In addition, although only one agency has achieved stage 5, many
agencies reported satisfying the stage 5 core elements requiring that
IT investments comply with their enterprise architecture (about 80
percent) and that enterprise architecture is an integral component of
their IT investment management process (about 69 percent).
Departments, component agencies, and independent agencies had varying
degrees of success satisfying certain core elements within individual
stages. In general, departments had more success satisfying lower stage
elements than did components and independent agencies. In stage 2, for
example, while 69 percent of departments reported using a framework,
methodology, and automated tool to develop their enterprise
architecture, only 29 percent of components and 50 percent of
independent agencies reported the same. Additionally, in stage 3, while
81 percent of departments reported that progress against plans is
measured and reported, only 25 percent of components and 25 percent of
independent agencies reported the same. One possible reason for this
situation is that OMB's oversight of agency enterprise architecture
efforts focuses on departments and major independent agencies--not on
component agencies.
Although, as a whole, departments satisfied more lower-level framework
elements than did component agencies and independent agencies,
departments generally still would need to satisfy several lower-level
framework elements to achieve a stage 3 maturity level. On average,
each department needs to satisfy 2 core elements to satisfy all stage 2
and 3 framework elements.
The maturity stage of a department generally was not indicative of the
maturity of its component agencies. For example, the Departments of
Health and Human Services and Transportation reached stage 2, while
their component agencies averaged stage 1. Also, DOD's Global
Information Grid architecture[Footnote 34] was at stage 3, while its
business enterprise architecture was at stage 1, as were its
components, in general. Conversely, the Departments of Commerce,
Justice, and the Treasury were at stage 1, with their component
agencies averaging higher maturity levels; the component agencies of
Commerce showed a slightly higher maturity level than did component
agencies of all other departments. That is, the average maturity level
of all component agencies we surveyed was 1.23, but the Commerce
component agencies averaged 1.80, largely owing to the maturity levels
for the Bureau of the Census (stage 3), the U.S. Patent and Trademark
Office (stage 2), and the National Oceanic and Atmospheric
Administration (stage 2). The Department of Agriculture's maturity
level (stage 1) was the same as the average maturity level of its
component agencies.
Eight Agencies Were Well Positioned to Achieve Stage 5 Maturity, and
Many Agencies Were Performing Core Elements beyond Their Assigned
Maturity Stages:
Although the Executive Office of the President was the sole stage 5
agency, seven other agencies were close to becoming models of
enterprise architecture management. For example, the Office of
Personnel Management (OPM), which achieved stage 1 of version 1.1,
needed to satisfy only five more elements to become a stage 5 agency.

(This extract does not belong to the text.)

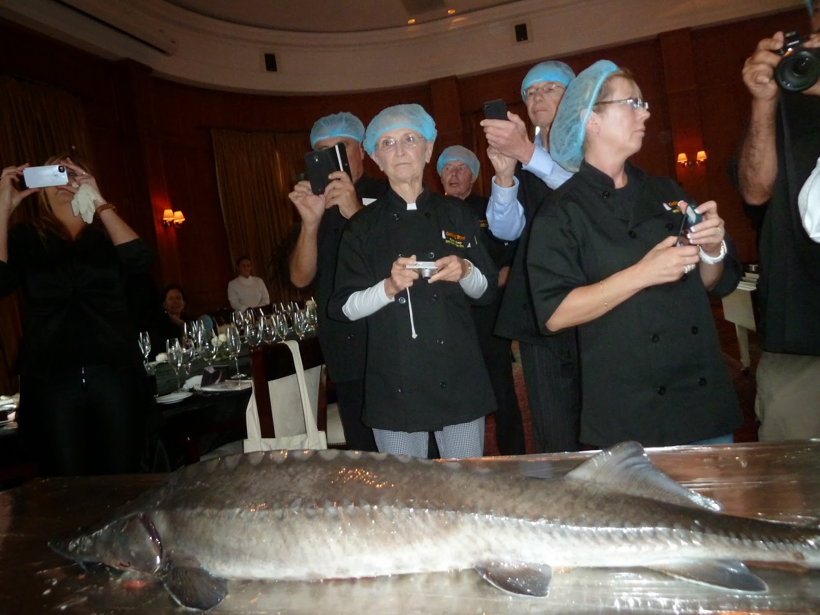 So with that Black River Caviar brought out four fresh sturgeon. After I explained the various interesting (at least to me) things about this unique and prehistoric animail, one by one each guest came to the processing table and touch the fish, its unique scales, its barbels and its toothless mouth.

OPM needed to satisfy one stage 2 element ("Enterprise architecture
plans call for developing metrics for measuring enterprise architecture
progress, quality, compliance, and return on investment"), one stage 3
element ("Progress against enterprise architecture plans is measured
and reported"), two stage 4 elements ("Enterprise architecture products
and management processes undergo independent verification and
validation" and "Quality of enterprise architecture products is
measured and reported"), and one stage 5 element ("Return on enterprise
architecture investment is measured and reported").
Ninety-six percent of agencies in stages 1 through 4 were performing at
least one core element above their current maturity stage,[Footnote 35]
which means that as a whole, agencies are, to varying degrees,
performing above their assigned maturity stages. Specifically, of the
76 agencies at stage 1, about 95 percent were performing at least one
core element in a higher maturity stage. About 35 percent of agencies
need to satisfy only one additional core element to advance to at least
the next maturity stage. Two of these agencies, Commerce and the U.S.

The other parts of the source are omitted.